2.1 LUCAS experiments and models
2.1.1 The LUCAS experiments
The simulations from the flagship pilot study LUCAS cover the standard EURO-CORDEX domain (Jacob et al., 2014) with a horizontal grid resolution of 0.44∘ (around 50 km). All RCMs in LUCAS, except the RegCM model, use a rotated coordinate system, which is a cartographic projection to transform coordinates from a 3D sphere to a 2D plane (the model domain). The RegCM model applies a Lambert conformal projection (suitable for mid-latitudes) on a regular grid. Here we use outputs from the EVAL experiment, which employ standard land use and land cover maps. All simulations span the period 1986–2015 (with a spin-up period ranging from 1 up to 6 years depending on the model) and take lateral and boundary conditions from the ERA-Interim reanalysis (Dee et al., 2011). More details can be found in Davin et al. (2020).
2.1.2 Models and configurations
We use the outputs from 10 coupled surface–atmosphere RCM simulations that participated in the LUCAS project and were available at the time when we performed the analysis. The main model characteristics that are important for snow-albedo coupling are summarized in Table 1, while a detailed description of the RCMs is provided by Davin et al. (2020). The model ensemble presents five different RCMs: COSMO-CLM version 5.0-clm9 (Sørland et al., 2021), WRF version 3.8.1 (Skamarock et al., 2008), RegCM versions 4.6 and 4.7 (Giorgi et al., 2012), RCA4 (Strandberg et al., 2015), and REMO (Jacob et al., 2012).

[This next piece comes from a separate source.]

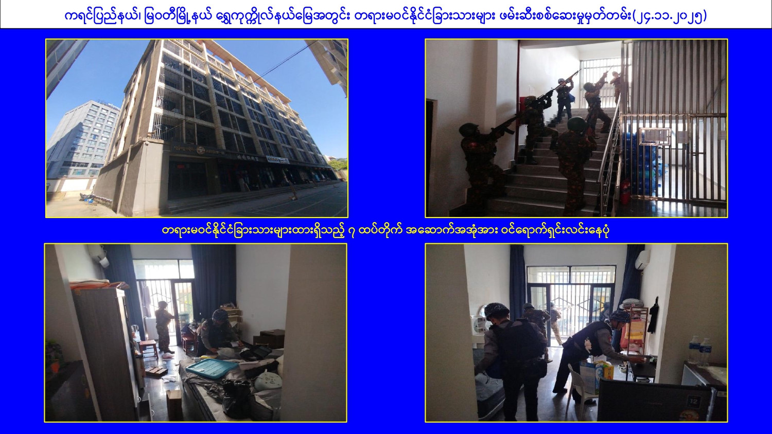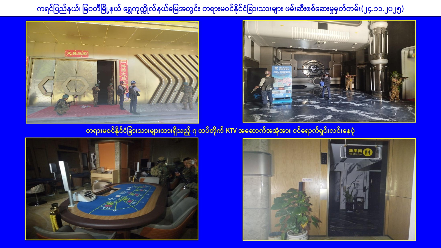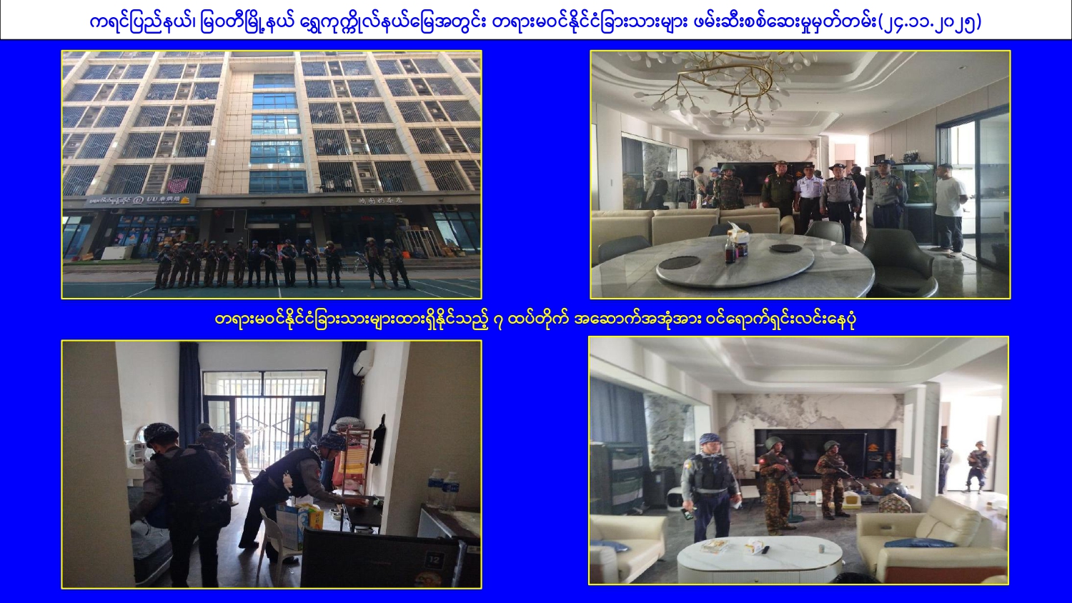 မြန်မာနိုင်ငံအစိုးရအနေဖြင့် online လိမ်လည်မှုများနှင့် online လောင်းကစားမှု များ အများဆုံးအခြေချလုပ်ကိုင်လျက်ရှိကြသည့် ရွှေကုက္ကိုလ်နယ်မြေနှင့် KK Park နယ်မြေများ၌ လုံခြုံရေးတပ်ဖွဲ့ဝင်များ၊ အုပ်ချုပ်ရေးအဖွဲ့အစည်းများအပါအဝင် အဖွဲ့စုံ ပါဝင်သည့် ပူးပေါင်းစစ်ဆင်ရေးအဖွဲ့များဖြင့် ဝင်ရောက်ရှင်းလင်းခြင်း၊ တရားမဝင် အဆောက်အအုံများအား ဖြိုချဖျက်ဆီးခြင်းများ ဆက်လက်ဆောင်ရွက်လျက်ရှိသည်။

These RCMs contributed with different setups and configurations as described in Table 1. For example, the same RCM is coupled with different land surface models (LSMs): COSMO-CLM is coupled with three distinct LSMs, which are CLM5.0 (Lawrence et al., 2020), VEG3D (Breil and Schadler, 2017) and TERRA-ML (Schrodin and Heise, 2002). WRF is coupled with either CLM4.0 (Oleson et al., 2010) or NOAH-MP (Niu et al., 2011). In contrast, the same LSM is combined with different versions of RCMs. The LSM CLM4.5 (Oleson et al., 2013) is coupled with two distinct versions of RegCM (4.6 and 4.7) which also differ in their choice of convection schemes. There are also two ensemble members for which the same RCM and LSM are used (WRF and Noah-MP) but with different planetary boundary layer (PBL) schemes; these are named WRFa-NoahMP and WRFc-NoahMP in Table 1. The time resolution at which model outputs have been stored varies from one variable to another and follows the CORDEX protocol. For the analyses in the present study, we use daily and monthly model outputs for incoming shortwave radiation and snow cover. For deriving SASI, the native grid of the models was kept, minimizing data loss. The other fields were interpolated to a common 0.5∘ × 0.5∘ grid using Climate Data Operators (CDO) bilinear remapping.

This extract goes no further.